The Evidence Is Stark
Two teams using the same model can see task completion rates of 60% vs. 98% — based entirely on harness quality.
Read that again. Same model. Same capability. The only difference is what was built around it.
Microsoft demonstrated this when they shifted their SRE (Site Reliability Engineering) agent from 100+ bespoke tools to a filesystem-based context engineering system. Performance on novel incidents rose from 45% to 75% — not by upgrading the model, but by redesigning the harness.

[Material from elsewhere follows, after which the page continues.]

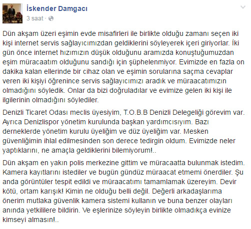 İskender Damgacı, sosyal paylaşım sitesi facebook hesabı üzerinden yaptığı paylaşımda Denizli halkının bu konuda dikkatli olmasını isterken “dün akşamüzeri eşimin evde misafirleri ile birlikte olduğu zamanı seçen iki kişi internet servis sağlayıcımızdan geldiklerini söyleyerek içeri giriyorlar. İki gün önce internet hızımızın düşük olduğunu aramızda konuştuğumuzdan eşim müracaatım olduğunu sandığı için şüphelenmiyor. Evimizde en fazla on dakika kalan ellerinde bir cihaz olan ve eşimin sorularına saçma cevaplar veren iki kişiyi öğrenince servis sağlayıcımızı aradık ve müracaatımızın olmadığını söyledik. Onlar da bizi doğruladılar ve evimize gelen iki kişi ile ilgilerinin olmadığını söylediler.Denizli Ticaret Odası meclis üyesiyim, T.O.B.B Denizli Delegeliği görevim var. Ayrıca Denizlispor yönetim kurulunda başkan yardımcısıyım. Bazı derneklerde yönetim kurulu üyeliğim ve düz üyeliğim var. Mesken güvenliğimin ihlal edilmesinden son derece tedirgin oldum. Evimizde neler yaptıklarını, ne amaçla geldiklerini bilemiyorum!Dün akşam en yakın polis merkezine gittim ve müracaatta bulunmak istedim. Kamera kayıtlarını istediler ve bugün gündüz müracaat etmemi önerdiler. Şu anda görüntüler tespit edildi ve müracaatımı tamamlamak üzereyim. Devir kötü, ortam karışık! Kimin ne olduğu belli değil. Değerli arkadaşlarıma önerim mutlaka güvenlik kamera sistemi kullanın ve buna benzer olayları anında yetkililere bildirin. Ve eşlerinize söyleyin birlikte olmadıkça evinize kimseyi almasın!” sözlerini dile getirdi.
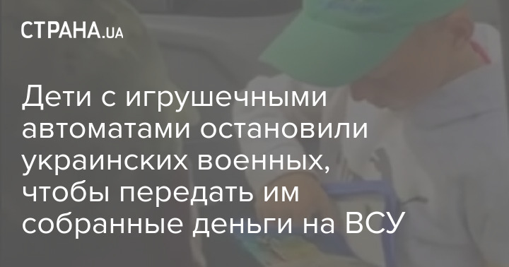 Дети организовали импровизированный блокпост с игрушечными автоматами и флагом Украины, чтобы собрать финансы на поддержку ВСУ. Когда они остановили машину с настоящими военными, то решили передать им собранные деньги. Однако мужчины в форме не взяли денег, а сами сделали вклад в "украинскую армию" и еще мальчику памятный сувенир - браслет на руку.

Martin Fowler published a full framework article on harness engineering in April 2026, establishing it as a legitimate engineering discipline alongside software engineering and data engineering. This isn't a buzzword. It's an emerging practice with real methodology behind it.
Why Most AI Projects Fail
The typical AI deployment looks like this:
- Buy a tool or API
- Write some prompts
- Demo it to leadership
- Hand it to the team
- Watch adoption stall
What's missing? Everything in the harness:
- No clear definition of how the agent should behave in edge cases
- No validation that the outputs are correct before they reach a user
- No feedback loops that improve performance over time
- No governance layer that ensures compliance
- No coaching or documentation that helps the team actually use it
The demo was impressive because the demo was a controlled environment. Production isn't controlled. Production is messy data, ambiguous requests, edge cases, compliance requirements, and real consequences when something goes wrong.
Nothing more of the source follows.